That one's got some potential, and has better bones. Wings and a fence could make that a pretty slick saw. 

Here are a couple of examples:


----------



## Steve Neul (Sep 2, 2011)

Nicely done! All it needs is a table extension and you'll be good to go.


----------



## toolguy1000 (Oct 4, 2012)

what's the asking price for that 113 series TS? and don't underestimate that motor. if it's an emerson electric unit, it has plenty of torque to handle almost anything you'll encounter, with the right blade.


----------



## RobinDobbie (Jan 31, 2013)

Got it. I'll post pics in a bit. The asking price was $75, but the seller accepted $60 once I looked at it and explained the problems it has. The rust isn't deep. But, there's a bit of crinkle on the front-right-bottom corner of the saw box, and adjusting the angle of cut is a bit awkward due to some missing screws. I think I'll be able to work with these things, but I wasn't aware of these problems when I left to get the saw. I like it when whatever I'm buying is a good price, and I know about everything odd before I get there. So, I didn't feel bad about talking him down a tad.

Now, before I left on the hour journey(hour and a half on the way there with traffic, I wanted to double check the table depth.
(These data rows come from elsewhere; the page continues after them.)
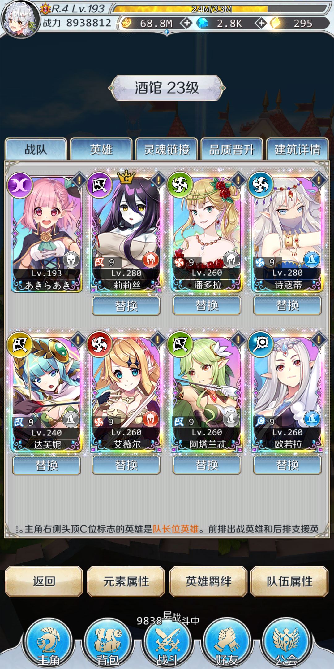 在6000层再呆上一段时间,当金装有10件左右的时候,就可以尝试6600了,6600之后可以自己做银加,在6600打造完一身的武具之后,就可以推7000了,7000是r4最重要的分割线,7000之后的羁绊,是战力系统最重要的提升方式,在7000的时候转换阵容,把除了恒晶主c不能动的,尽量转换成羁绊角色,具体羁绊可以去其他帖子看一下,我这就懒得截图啦![[嗒啦啦2_委屈]](https://img-tc.tapimg.com/market/images/dcd1df39e939537e46ee8741ed9ccf4a.png)
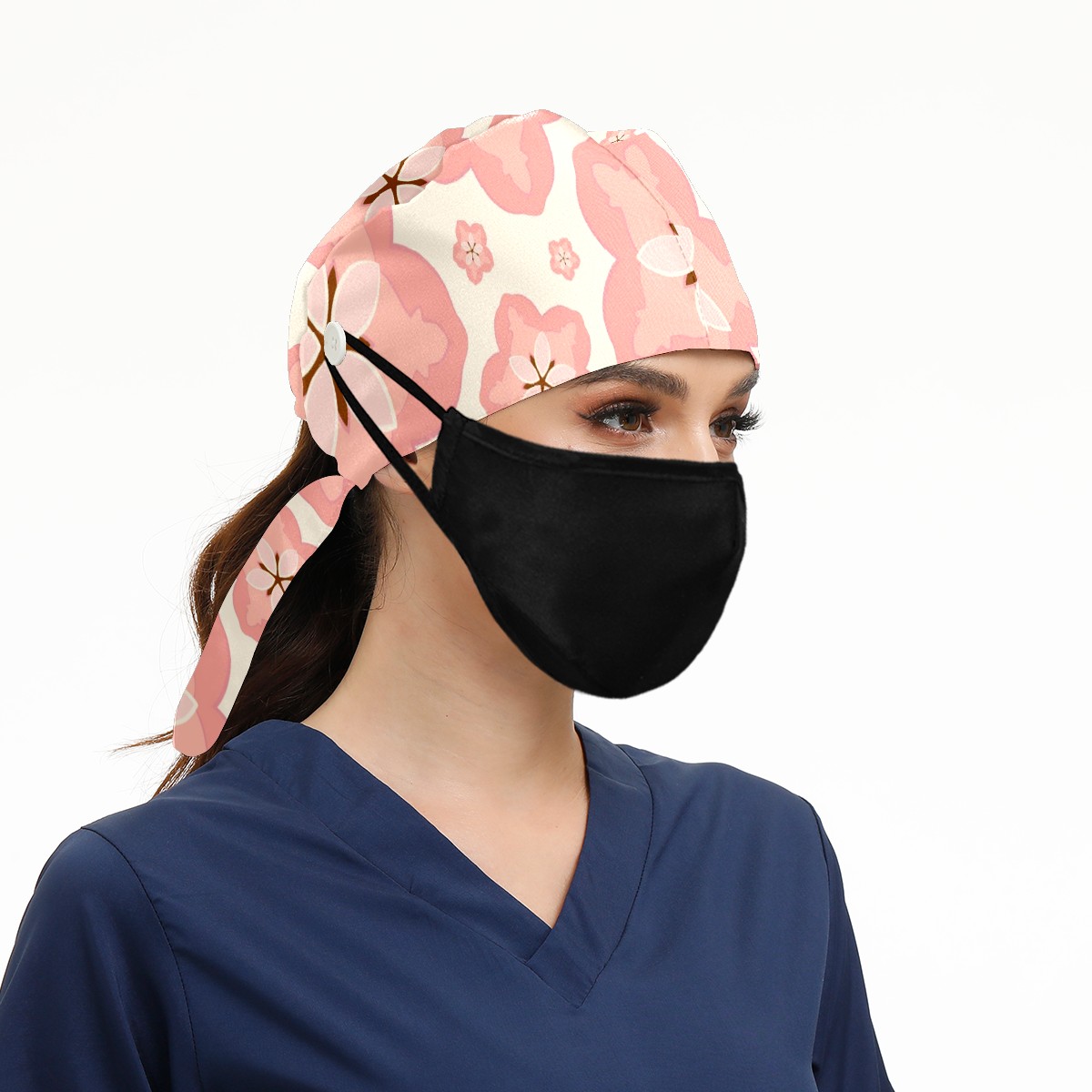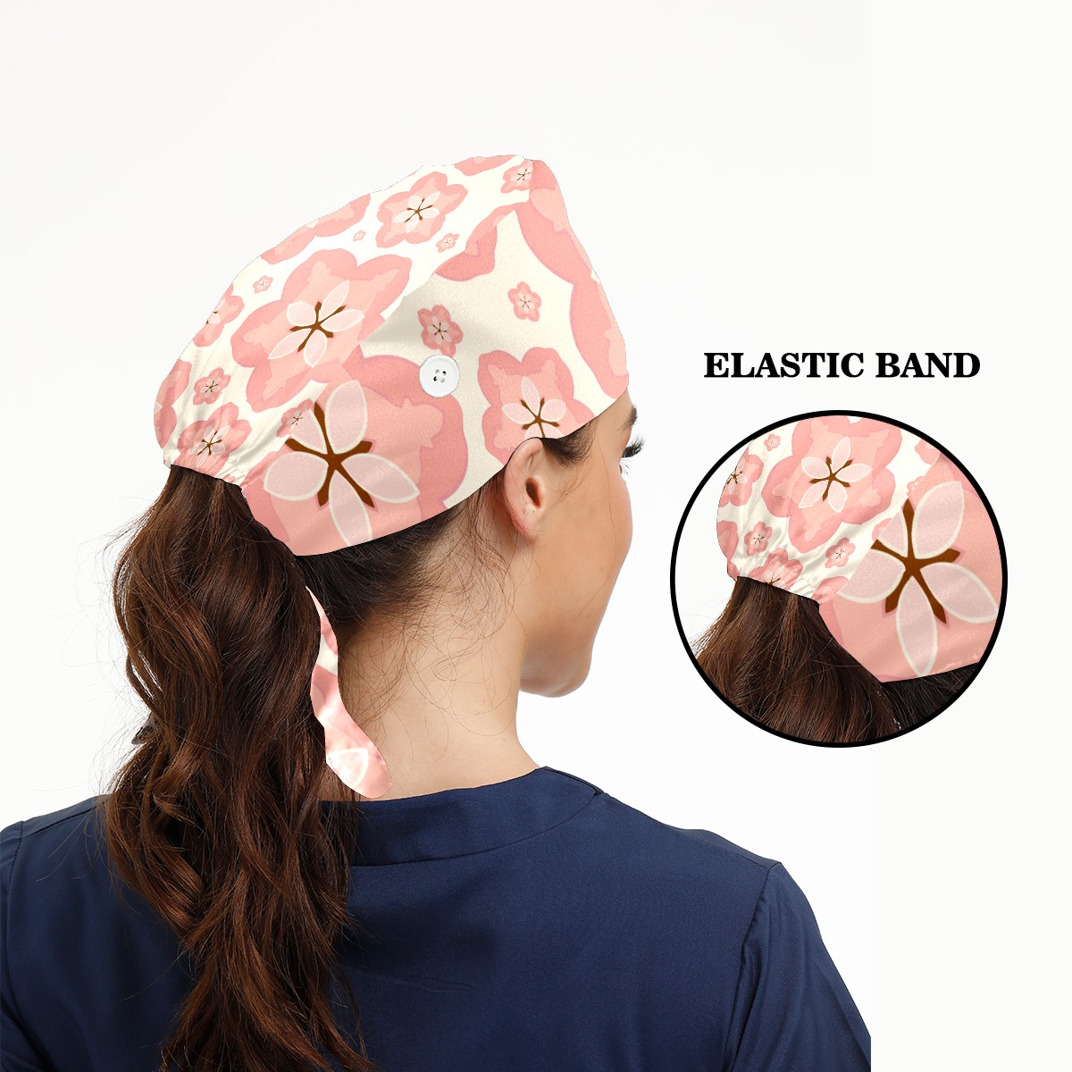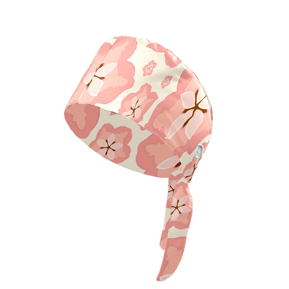 Working Caps with Button & Sweatband Satin Lined Cotton Adjustable Nurse Hats Elastic Band Scrub Cap Surgeon Hat Sakura Flowers On Light Pastel Peach Background
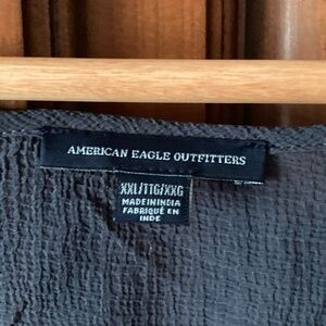 Beautiful charcoal grey American Eagle blouse. Size XXL but more like an XL fit. Has pull ties on sides to adjust fit.

But, it was impossible to get the seller to understand when I asked him to "measure the table depth, front to back." He texted, "Do you mean the dimensions?" and I replied that I needed the length of the miter slots. He said to email him a picture of what a miter slot looked like, so I sent him this:

"I need to know the length of the red lines." 









He came back with this: 









I gave up and decided to risk it. I think it was worth it, because the table surface is indeed 20" x 27". 

I was able to disassemble the whole thing and fit it all but one panel from the base into my trunk! 

Motor is *much* quieter than the direct drive Skil I have right now. Starts very smoothly, cuts through some mystery 3/4" plywood like butter. So, I don't think I'll even have to get a blade, for now. It's carbide tipped with lots of teeth. Maybe 80?

I stopped by woodcraft on the way home and picked up a zero-clearance insert for $25, and a plastic featherboard for $12. So, things are looking good!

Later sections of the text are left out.